# EOI Process



## Hasha (Feb 24, 2012)

What kind of verification will happen at the time of EOI process of New Zealand (PR Process)Country?
Do i receive any calls from Immigration Officers,
is their any verifications on my job exp & education Back ground.

any third Party verification will be done,

I Have done B.Tech, MBA (HRD)
i do have over all 4.8years Exp in IT Recruitment,

How much do i can Expect Sal per month, do i can Expect 10,000$/month.


----------



## topcat83 (Apr 16, 2009)

Hasha said:


> What kind of verification will happen at the time of EOI process of New Zealand (PR Process)Country?
> Do i receive any calls from Immigration Officers,
> is their any verifications on my job exp & education Back ground.
> 
> any third Party verification will be done,


Hi there - following the EOI being selected, you will need to provide original documentation to prove everything that you say. And they may contact your previous employers if they think they need to. 
You should receive a letter from the Immigration office first, confirming the EOI has been selected.



> I Have done B.Tech, MBA (HRD)
> i do have over all 4.8years Exp in IT Recruitment,


Is this on the list of required experience on the Immigration New Zealand website? IT probably is - but I don't think recruitment is.



> How much do i can Expect Sal per month, do i can Expect 10,000$/month.


Certainly not $10k per month! Unless you have some very specialist experience that is in very short supply. See SEEK - New Zealand's no.1 jobs, employment, career and recruitment site for an idea of salaries

And take the points test on the immigration website too to see how many points you get.
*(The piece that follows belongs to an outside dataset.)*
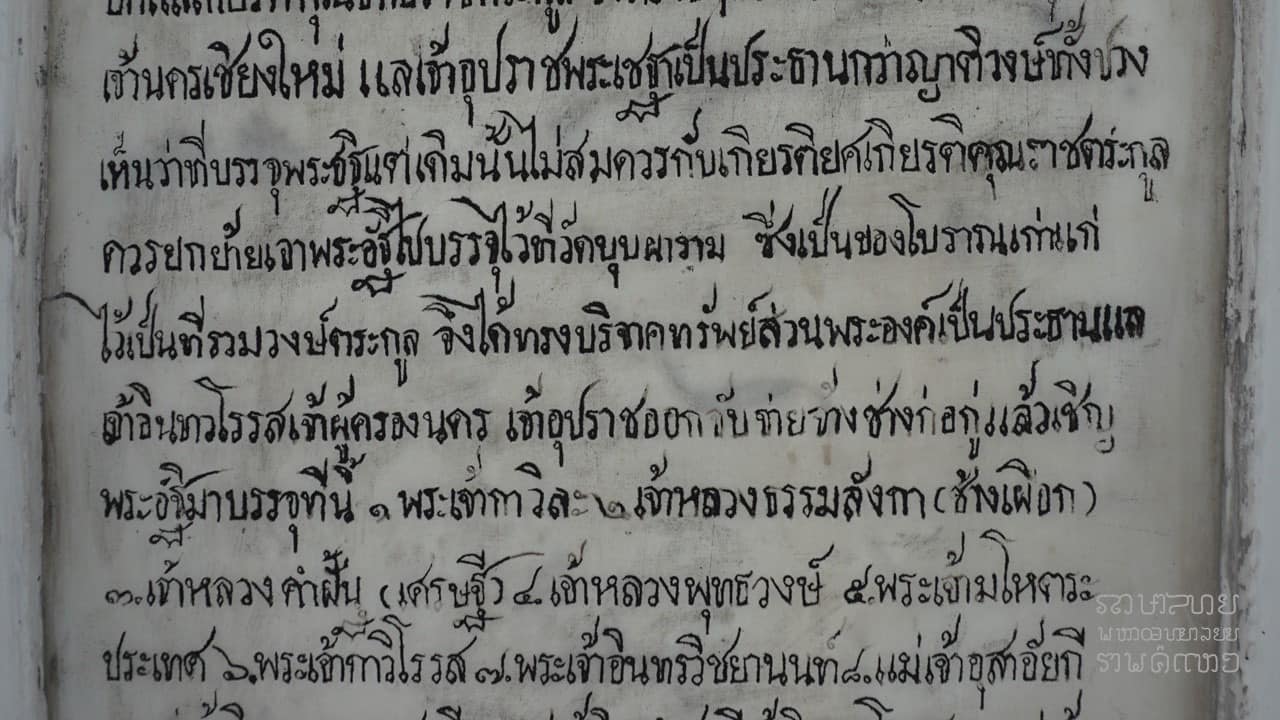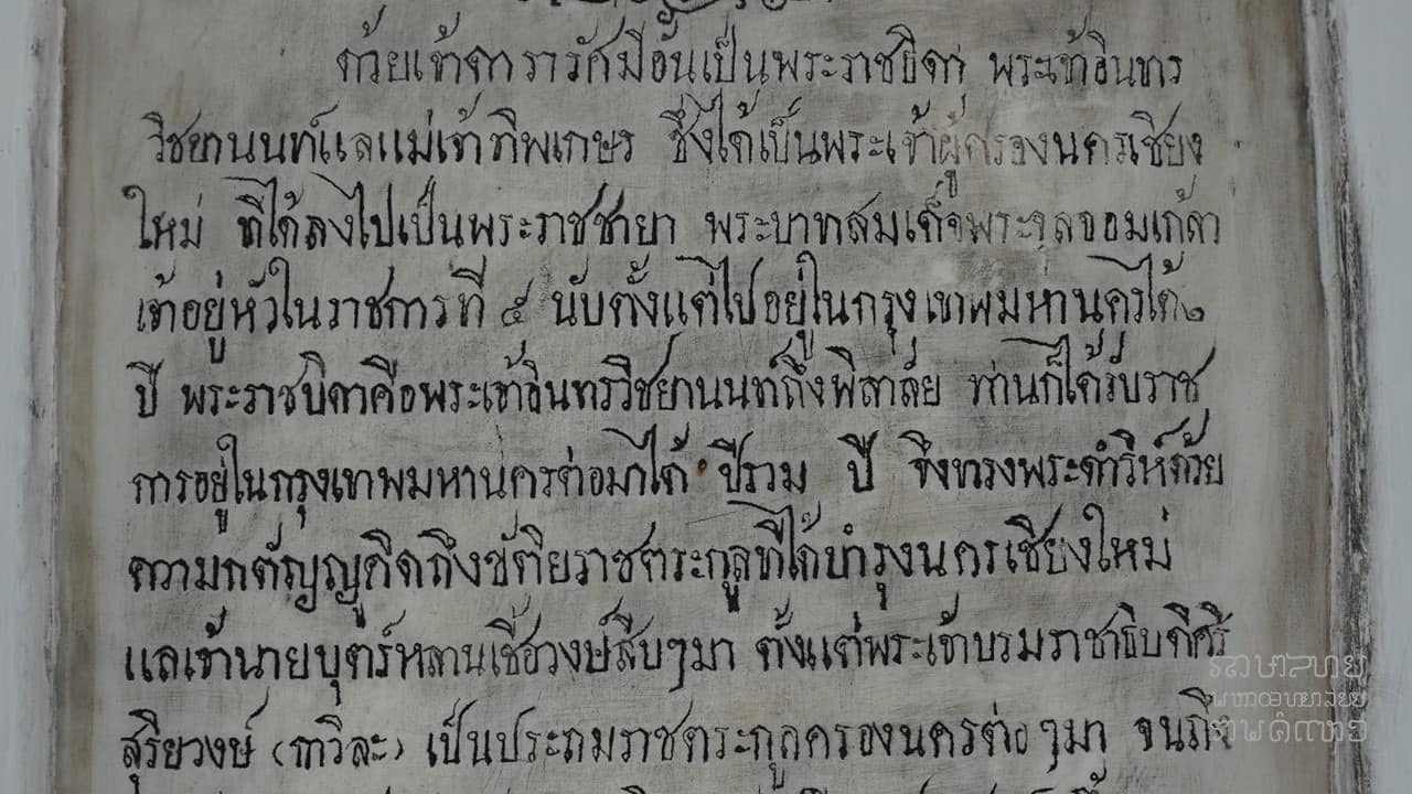 การจำลองแบบคำจารึกบนแผ่นหินอ่อนของกู่เจ้าหลวงเชียงใหม่
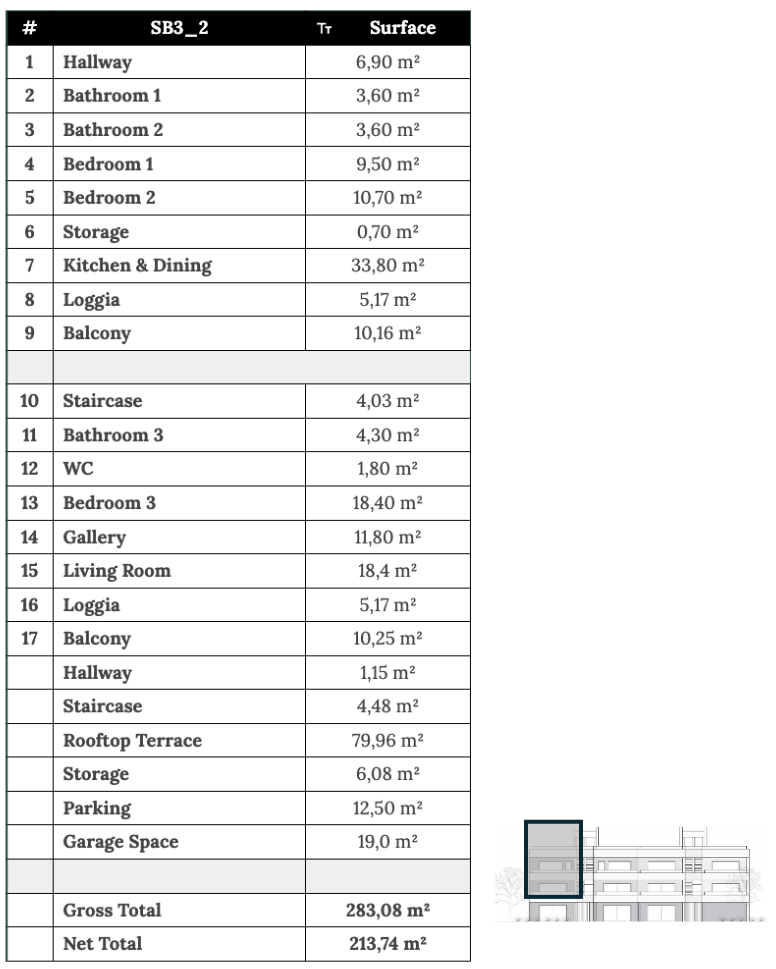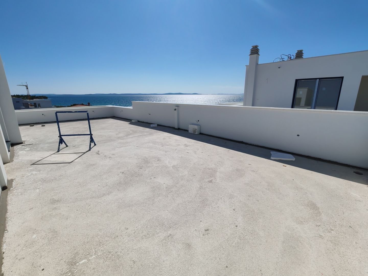ZADAR, ZATON – Zweistöckiges Penthouse mit wunderschöner Aussicht, 95 Meter vom Meer entfernt! SB3. Nur 95 Meter vom Meer entfernt, in der ruhigen Stadt Zaton, entsteht ein modernes Projekt mit neun Luxusapartments in einer geschlossenen Anlage mit Rampe am Eingang. Die Siedlung ist als private Oase konzipiert und besteht aus fünf Gebäuden, in denen die Bewohner absolute Sicherheit und Privatsphäre genießen. Die Apartments in den oberen Stockwerken verfügen über geräumige Dachterrassen mit herrlichem Blick auf das Meer und die Inseln, während die Einheiten im Erdgeschoss über eigene Gärten verfügen. Es besteht auch die Möglichkeit, gegen eine zusätzliche Gebühr komplett möblierte Apartments zu erwerben. Besonderes Augenmerk wurde auf die Innenarchitektur, moderne technologische Lösungen und hochwertige Materialien gelegt, um das Haus funktional, sicher und komfortabel zu machen. Das Smart-Home-System ermöglicht die Steuerung von Beleuchtung, Klimaanlage und Heizung. Die Konstruktion besteht aus einer Stahlbetonkonstruktion mit 10 cm Wärmedämmung. Aluminiumfenster mit elektrischen Rollläden, Multisplit-Klimaanlagen, Fußbodenheizung in den Bädern und im Wohnzimmer, Video-Gegensprechanlage, Überwachungskameras sowie Einbruch- und Brandschutztüren gehören zur Standardausstattung. Es wurden erstklassige Sanitärkeramik und Bodenbeläge namhafter Hersteller verwendet. Die Fertigstellung der Arbeiten ist für Ende 2025 geplant. Das zweistöckige Penthouse SB3 befindet sich im zweiten Stock und besteht aus zwei Schlafzimmern, drei Bädern, einem Abstellraum und einem geräumigen Wohnbereich mit Küche und Esszimmer. Sein besonderer Wert liegt auf der Dachterrasse mit herrlichem Meerblick und einem Stellplatz in der Garage. Es besteht die Möglichkeit, den Grundriss zu ändern und ein weiteres Schlafzimmer hinzuzufügen. In diesem Fall würde der Preis 1.284.000 € betragen. Zaton ist eine ruhige dalmatinische Stadt, die für ihr kristallklares Meer, ihre Kieselstrände und ihre entspannte mediterrane Atmosphäre bekannt ist. Zadar liegt in der Nähe – eine Stadt reich an Geschichte, kulturellen Sehenswürdigkeiten und erstklassigen Restaurants, ein ideales Reiseziel zum Leben und für den Urlaub. Der Verkäufer ist eine juristische Person und der Käufer zahlt keine Grundsteuer. Für weitere Informationen und zur Vereinbarung eines Besichtigungstermins kontaktieren Sie uns bitte.

In all reality you either need 140 points plus or over 100 and a job offer.


----------



## Mizz (Jan 15, 2012)

this always feels like the duck and the egg to me, how can we reasonably get a job offer from an employer who wont entertain you until you have a visa and how are so many people getting these job offers?
I guess that the temporary visa route to get over there is a viable option, then youve more chance of getting a job as youre there in person, but doesnt the temporary aspect hinder your chances at employment.
i wish there was a definitive path to follow lol!


----------



## karan_2891 (Mar 11, 2012)

Hi Friends,

I have couple of queries:

1) Does it matter if I have ICT Business Analyst work exp (in renowned Global IT firms) but my degree is non IT like B.Com.(H), M.Com., MBA etc?

I asked the same Q to NZ Immigration authorities and I got following response - "If you are claiming points for your work experience it must be related to your qualification".

Now, in my case, my role is that of an ICT - Business Analyst. I am an ERP Finance Functional Consultant and my role requires knowledge of Finance and Accounting domain and their use in the software to do my work. I am not supposed to do coding per se. Accordingly, I have degrees like M.Com. (Major: Finance, did not have any IT subject) and MBA (Part Time - 3 yrs course) (Major: Finance, Minor: IT) from India. These qualifications are exempt from assessment as per guidelines on NZ immigration portal. Is there a way to find out if I can get points for my education and work exp both, in my scenario? If I do not have that clarity, I can't submit my EOI. Could you please advice me accordingly?

2) Do I need to pay a fee at the time of submitting my EOI itself or at the stage when it gets selected? How much are the fees? Also what happens if the points assumed by me for certain things (work exp/education) are not granted by the immigration authorities after they select my EOI (as and when that happens)? 

Thanks,
Karan


----------



## Guest (May 27, 2012)

karan_2891 said:


> Hi Friends,
> 
> I have couple of queries:
> 
> ...


From my experience, information about all the steps for the different visas are on the NZ immigration website. If only the US was as clear and helpful. It's a crapshoot and patience it seems on how long it takes to be selected. Just apply and wait, as it's what I'm doing soon. Some countries don't have application fees when applying outside of NZ.


----------